Representative of the British monarch in Guernsey

The lieutenant governor of Guernsey is the representative of the British monarch in the Bailiwick of Guernsey, a Crown dependency of the British Crown. The role of the lieutenant governor is to act as the de facto head of state in Guernsey and as liaison between the governments of Guernsey and the United Kingdom. The holder of this office is also ex officio a member of the States of Guernsey but may not vote and, by convention, speaks in the Chamber only on appointment and on departure from post. The duties are primarily diplomatic and ceremonial. He has the authority to appoint two members of the board of governors of Elizabeth College and the Priaulx Library.
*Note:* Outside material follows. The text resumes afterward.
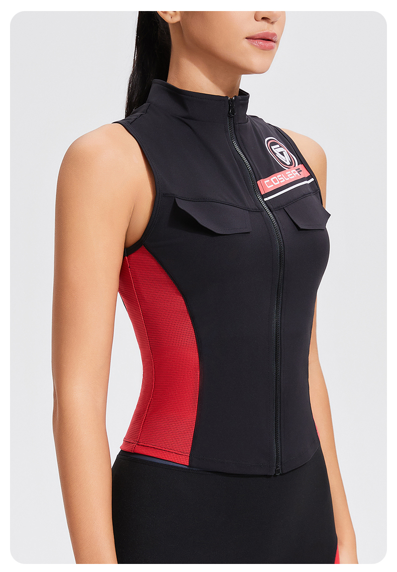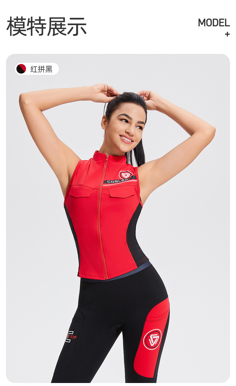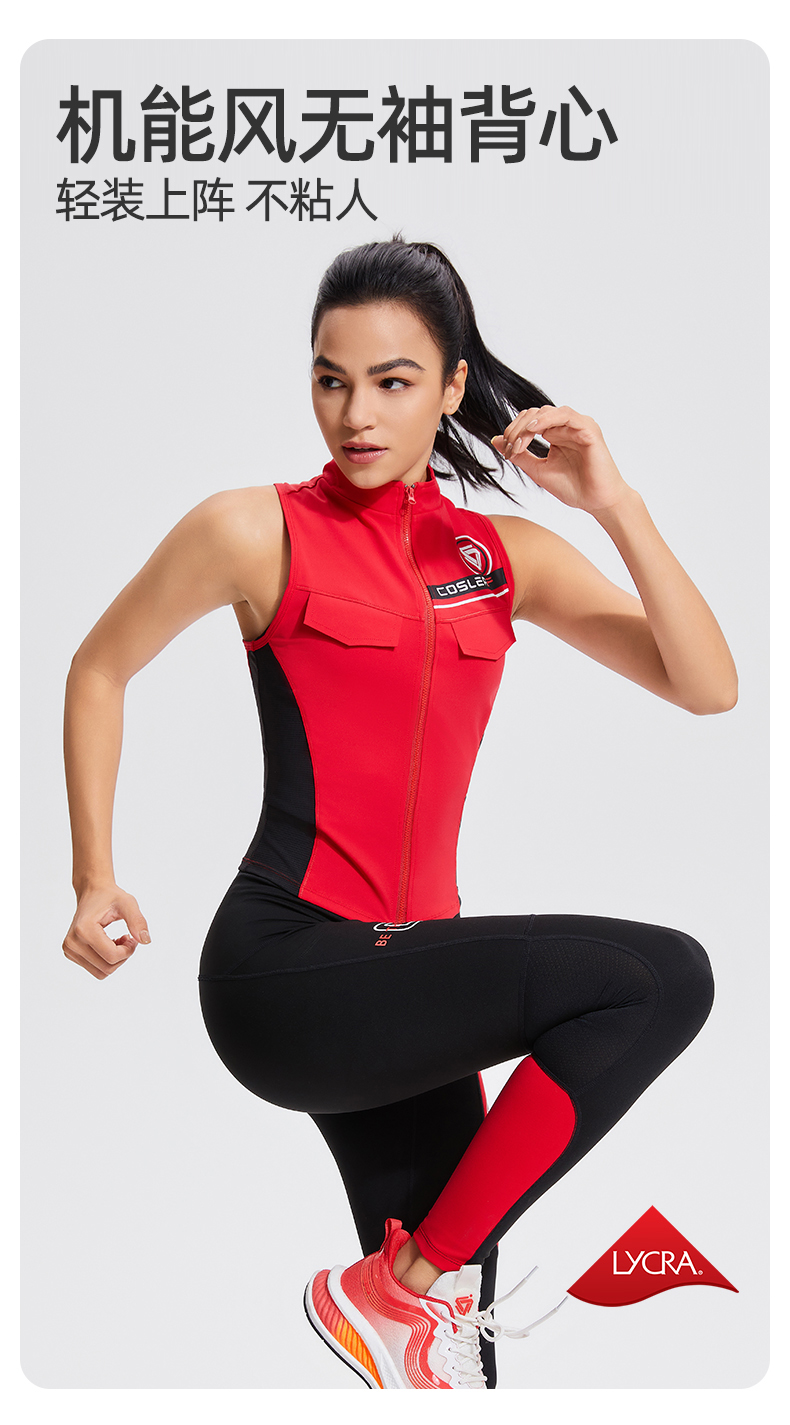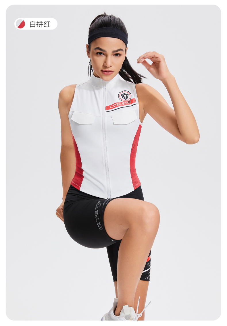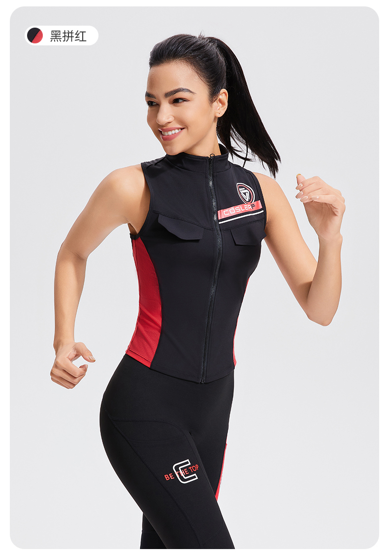 科里芙新款运动背心跑步运动健身拉链马甲时尚印花无袖上衣

The lieutenant governor has his own flag in Guernsey, the Union Flag defaced with the Bailiwick's coat of arms.

==History==
The Crown appointed Wardens or Keepers to represent its interests in the Channel Islands. After 1473 separate Wardens were appointed for Guernsey and Jersey, the title of Captain or Governor also being used. Around the early 17th century the title of Governor was settled upon, although those appointed to the position of Governor adopted the practice of appointing a lieutenant to carry out their duties in their absence. By the 19th century the post of Governor of Guernsey had become a sinecure and the position was abolished in 1835. Since then Lieutenant Governors have continued to be appointed.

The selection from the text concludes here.